В триаде своих героев, характеры которых отличает оригинальность и необыкновенная цельность, В. И. Белов сплотил три поколения советских людей. Молодой допризывник Лёшка, пожилой ветеран Великой Отечественной войны Николай Иванович и совсем уж старый Егорович, помнящий свою службу еще в царской армии, — верные друзья, а не просто земляки-односельчане. После перипетий на пароходе по прибытии в город они твердо решают: «Кучей надо было держаться. Хоть сейчас-то давайте кучей держаться, не оставлять друг дружку». В городских злоключениях они всячески стараются поддерживать друг друга, пытаются прийти на выручку попавшему по ошибке в милицию Лёшке: «Олёшку-то… Нам бы Олёшку-то выручить». Неслучайно он называет себя и своих друзей «три мушкетера».

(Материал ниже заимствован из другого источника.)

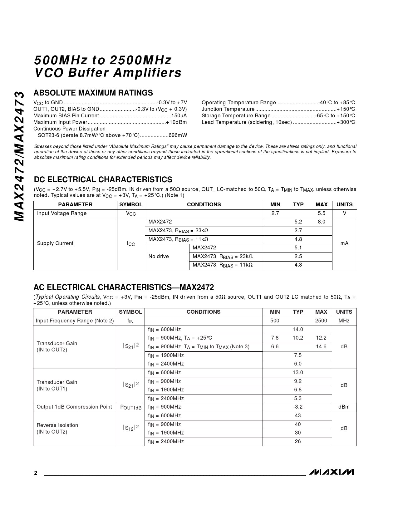 Datasheet MAX2472, MAX2473 (Analog Devices) - 2

Автор-повествователь также несколько раз именует этих героев повести мушкетерами. В уподоблении прославленным персонажам из романа Александра Дюма-отца (1802–1870) содержится скрытая отсылка к девизу благородных, отважных, верных друг другу французских мушкетеров: «Один за всех и все за одного». Однако, в отличие от бравых героев Дюма, у беловских крестьян из российской глубинки толком ничего не выходит. Город разъединяет друзей, на время они теряют друг друга. Поездка с самого начала не ладится.

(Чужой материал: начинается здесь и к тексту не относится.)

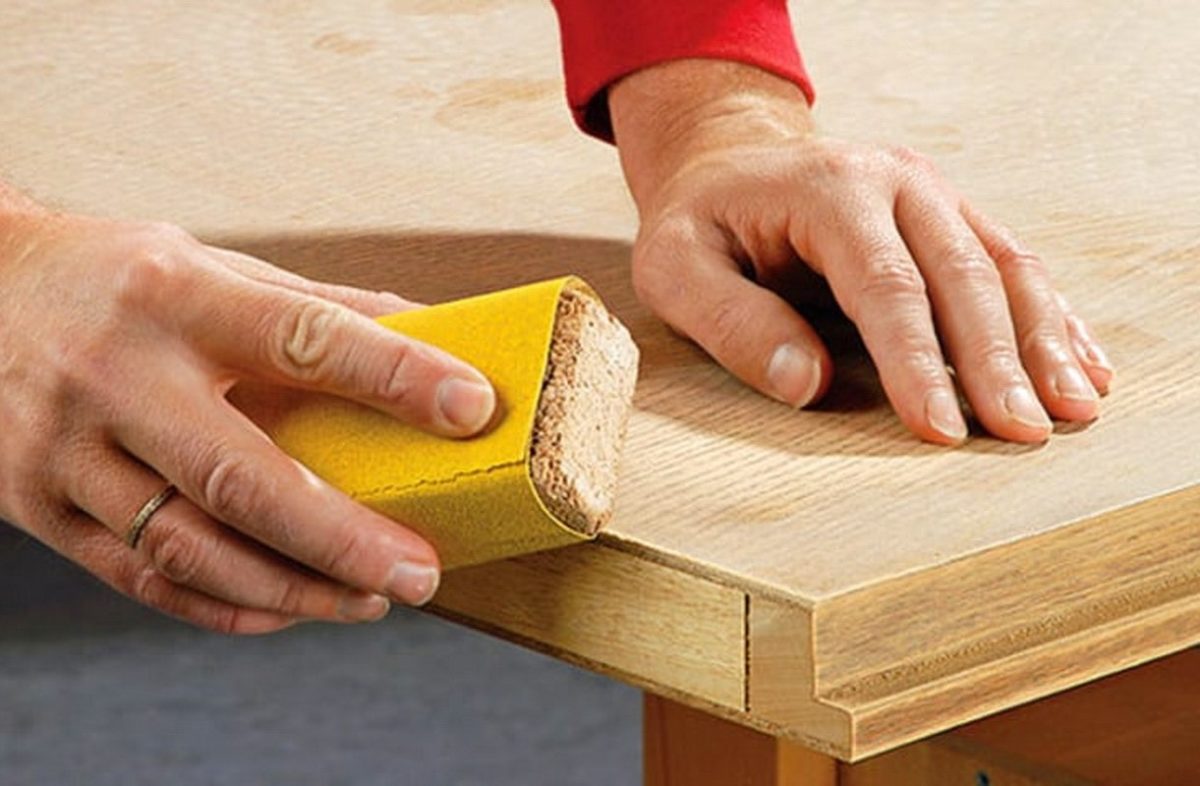La opción de tratamiento más asequible es el lijado. Una lijadora acelera el proceso, pero sin experiencia, puede tocar una capa de chapa. El barniz se elimina con un raspador de metal, cepillo, papel de lija grueso. Para suavizar la superficie, se realizan movimientos a lo largo de las fibras. Para el procesamiento primario, se necesita papel con un tamaño de grano de P40, 60, la molienda final se lleva a cabo con el grano P150, 180. Las irregularidades menores se eliminan con el abrasivo P120.Para garantizar un contacto uniforme del papel con la superficie tratada, use almohadillas de lijado con abrazaderas. Se pueden reemplazar con un pequeño bloque de madera de poliestireno en el que el papel de lija se une con pernos. La superficie está pulida a perfecto estado, limpia de polvo.

Исконно русское, емкое слово-понятие «лад» в творчестве В. И. Белова наполнено особым смыслом, связано с началом святым, сакральным: «пока наш народ не обретет Бога в душе своей, до тех пор не вернется и наш русский лад», — утверждал писатель[7].
Стремление к русскому ладу, благообразию жизни, к извечным духовно-нравственным ценностям — вот магистральное направление развития человека и общества, к которому тяготел В. И. Белов.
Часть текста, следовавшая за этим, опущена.